Murder by Contract
Before he was America’s favorite doctor in the hit television drama Ben Casey, Vince Edwards starred as a ruthless petty criminal in a pair of film noirs by Irving Lerner, a director with roots in New York’s Workers Film and Photo League. Murder by Contract is the first and best of these two films, a masterpiece of minimalism and restraint that imagines what an Antonioni drive-in feature might look like. Edwards plays a cold-blooded contract killer who is sent on assignment to Los Angeles to snuff out the woman who is set to testify against his underworld employer. As he quietly strategizes the most effective way to infiltrate her heavily guarded hilltop mansion, Edwards takes in the sights of the City of Angels, all the while towing a round a pair of ill-matched handlers.

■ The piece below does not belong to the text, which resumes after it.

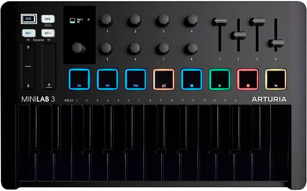 От приятной на ощупь клавиатуры до интеллектуальных пэдов и фейдеров, интегрированных в DAW, и мини-дисплея, работающего в режиме реального времени, - каждый аспект гибридного клавиатурного контроллера MiniLab 3 разработан так, чтобы быть интуитивно понятным, выразительным и доставлять удовольствие от использования как новичкам, так и профессионалам. Встроенный арпеджиатор, режим Chord, пользовательские пресеты DAW и удобная транспозиция помогут вам в творческом процессе. Создание музыки еще никогда не было таким доступным.
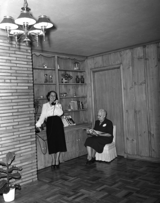 Pictured at the corner of the den at the new home of Mr. and Mrs. James Evans Richards Jr., are Mrs. Richards and her mother, Mrs. Anna Francke. The Richards were "just in" their new home for the holidays.

Shot on a Poverty Row budget over eight days and with maximum precision by Lucien Ballard (The Killing, The Wild Bunch, Fixed Bayonets), the film remains a major touchstone for Martin Scorsese. Blacklisted shortly after making Murder by Contract, Lerner would occasionally resurface behind the scenes on other films, among them Stanley Kubrick’s Spartacus, but his contributions were largely uncredited. His final job was editing Scorsese’s New York, New York.
“This is the film that has influenced me most… The spirit of Murder by Contract has a lot to do with Taxi Driver. Lerner was an artist who knew how to do things in shorthand, like Bresson and Godard.”—Martin Scorsese.